_Action item_
The listing is to be repeated exactly, and its pictures are to be left out.

Start of Data segment

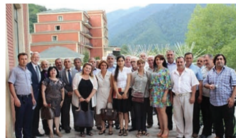
На международной конференции «Албанская Апостольская Церковь: прошлое и настоящее» Габала. 20.08.2016

Во имя воссоздания исторической справедливости и с гуманистических критериев восстановления нарушенных или подвергшихся деформации национально-религиозных отношений, сегодня остро стоит вопрос о возрождении статуса Албанской Церкви на основе удинской паствы – как единственного христианского право-преемника этого богатого конфессионального наследия. Деятельность двух Албано-удинских общин, полный перевод основных глав Библии и литургии на родной язык, реставрация церквей и подготовка священнослужителей – это первый шаг к возрождению Албанской Автокефальной Церкви. Сегодня удины-христиане являются одним из феноменов в сохранении этого наследия в модели мультикультурализма и сотрудничества различных конфессий и культур, а Нидж и Огуз – места компактного проживания удин, является ярким образцом этого, что дает предпосылку и реальную правовую основу статусу Албанской Церкви в Азербайджане.
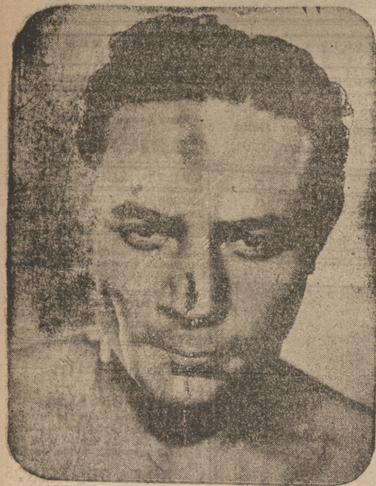
MAX BAER, challenger al cetro del mundo de gran peso.

Se confía en que Carnera seguirá siendo el rey de los peso máximo. — Declaraciones que ha hecho cada uno de los pugilistas. — Breve estudio de cada hombre. — Otros datos de interés

End of Data segment

_The answer_
На международной конференции «Албанская Апостольская Церковь: прошлое и настоящее» Габала. 20.08.2016

Во имя воссоздания исторической справедливости и с гуманистических критериев восстановления нарушенных или подвергшихся деформации национально-религиозных отношений, сегодня остро стоит вопрос о возрождении статуса Албанской Церкви на основе удинской паствы – как единственного христианского право-преемника этого богатого конфессионального наследия. Деятельность двух Албано-удинских общин, полный перевод основных глав Библии и литургии на родной язык, реставрация церквей и подготовка священнослужителей – это первый шаг к возрождению Албанской Автокефальной Церкви. Сегодня удины-христиане являются одним из феноменов в сохранении этого наследия в модели мультикультурализма и сотрудничества различных конфессий и культур, а Нидж и Огуз – места компактного проживания удин, является ярким образцом этого, что дает предпосылку и реальную правовую основу статусу Албанской Церкви в Азербайджане.
MAX BAER, challenger al cetro del mundo de gran peso.

Se confía en que Carnera seguirá siendo el rey de los peso máximo. — Declaraciones que ha hecho cada uno de los pugilistas. — Breve estudio de cada hombre. — Otros datos de interés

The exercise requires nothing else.